→ **Activity**: In the entries below, which lines run from the one with "BCC's Blake Pankow" through the one with "Проволока для рукоделия, толщина: 28"? Repeat exactly those, both included, and no pictures.

→ **Entries shown**:
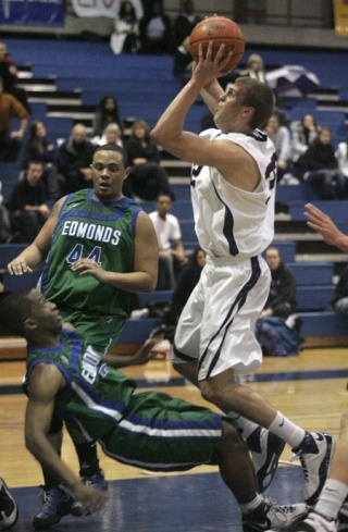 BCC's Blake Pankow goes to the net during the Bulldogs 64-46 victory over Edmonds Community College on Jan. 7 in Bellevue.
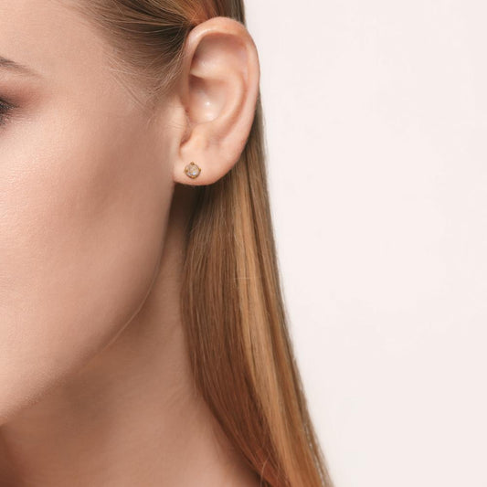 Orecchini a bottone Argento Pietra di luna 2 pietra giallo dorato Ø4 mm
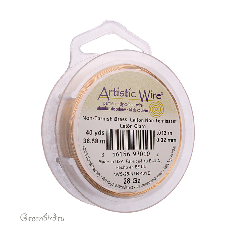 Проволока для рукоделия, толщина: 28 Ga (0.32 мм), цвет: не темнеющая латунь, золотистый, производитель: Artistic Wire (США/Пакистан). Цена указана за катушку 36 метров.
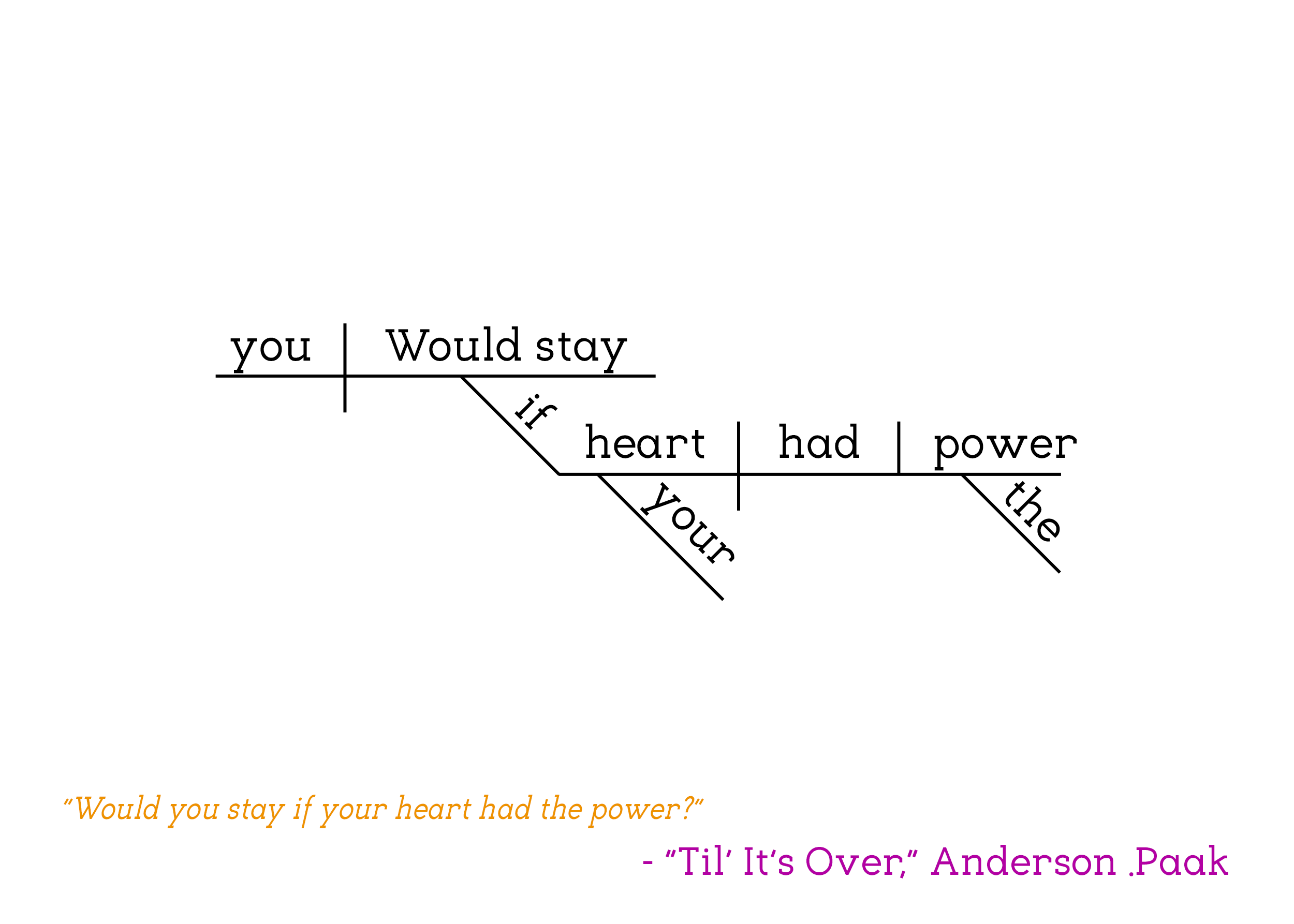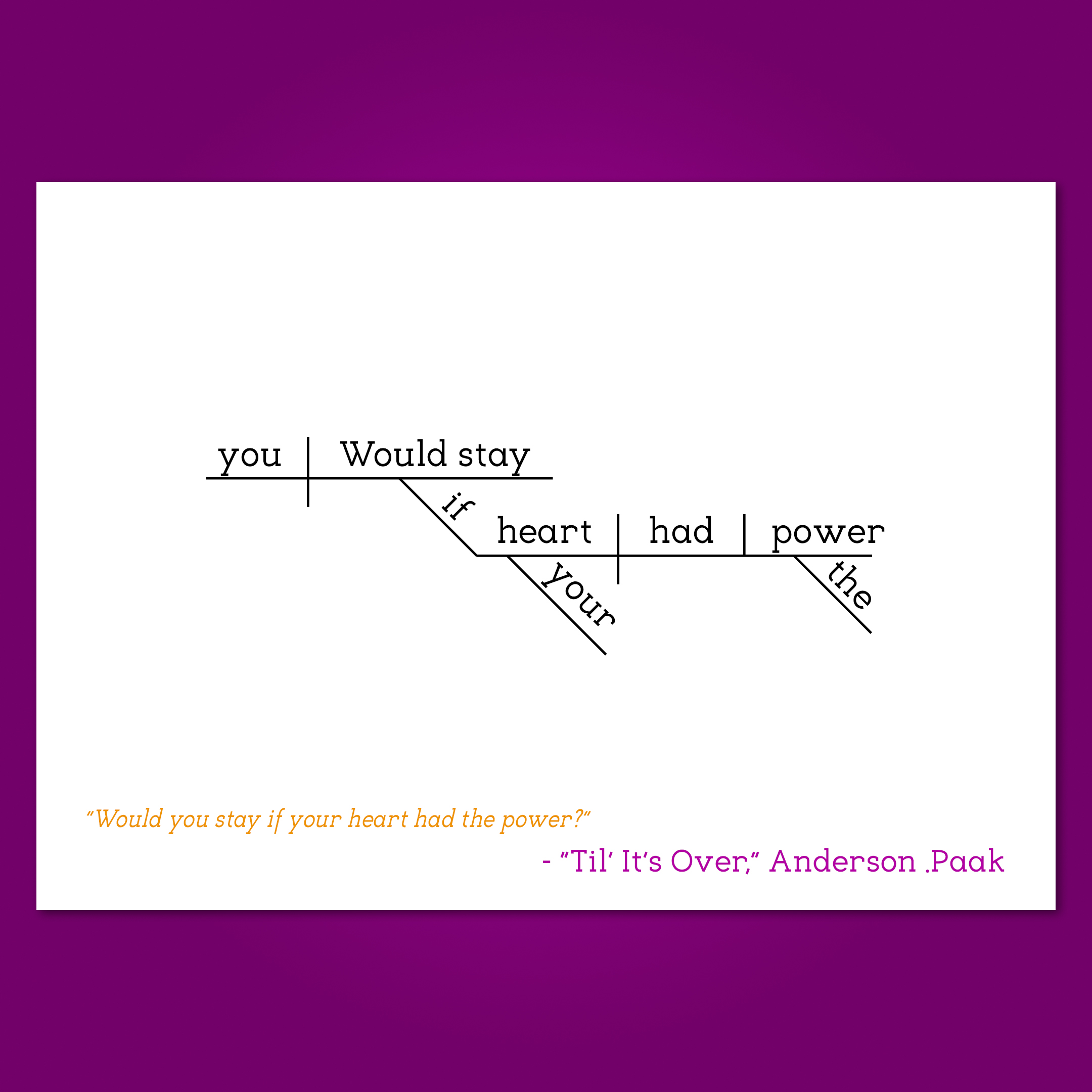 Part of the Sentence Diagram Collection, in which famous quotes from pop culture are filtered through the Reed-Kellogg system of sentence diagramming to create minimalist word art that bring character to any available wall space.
...
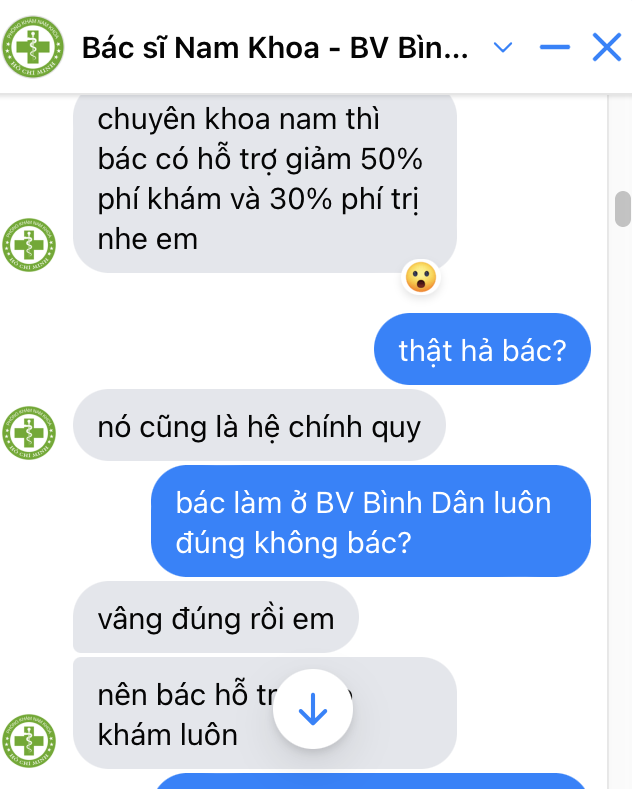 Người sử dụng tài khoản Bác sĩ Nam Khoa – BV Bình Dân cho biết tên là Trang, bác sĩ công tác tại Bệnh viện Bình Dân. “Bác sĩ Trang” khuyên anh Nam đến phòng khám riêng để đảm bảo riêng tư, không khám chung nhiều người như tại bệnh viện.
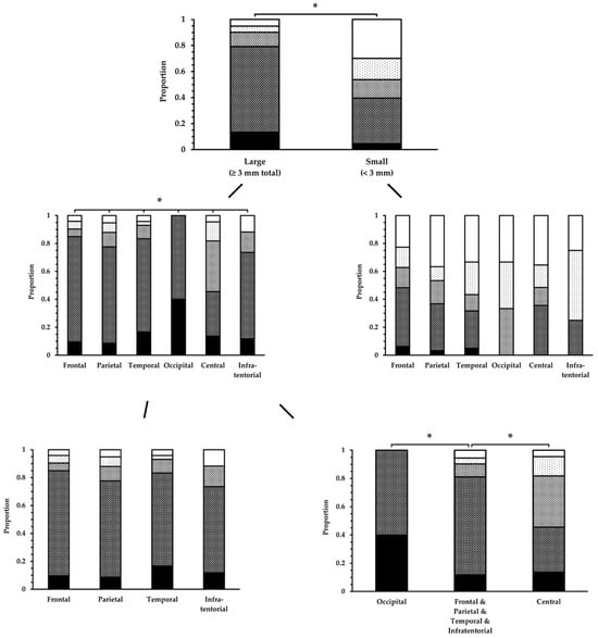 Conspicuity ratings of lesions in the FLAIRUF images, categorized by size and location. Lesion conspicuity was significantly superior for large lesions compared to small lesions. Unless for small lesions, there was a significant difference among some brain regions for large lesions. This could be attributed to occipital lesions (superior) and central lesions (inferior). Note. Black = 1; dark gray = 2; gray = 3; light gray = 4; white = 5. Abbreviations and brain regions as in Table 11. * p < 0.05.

→ **Result below**:
 BCC's Blake Pankow goes to the net during the Bulldogs 64-46 victory over Edmonds Community College on Jan. 7 in Bellevue.
 Orecchini a bottone Argento Pietra di luna 2 pietra giallo dorato Ø4 mm
 Проволока для рукоделия, толщина: 28 Ga (0.32 мм), цвет: не темнеющая латунь, золотистый, производитель: Artistic Wire (США/Пакистан). Цена указана за катушку 36 метров.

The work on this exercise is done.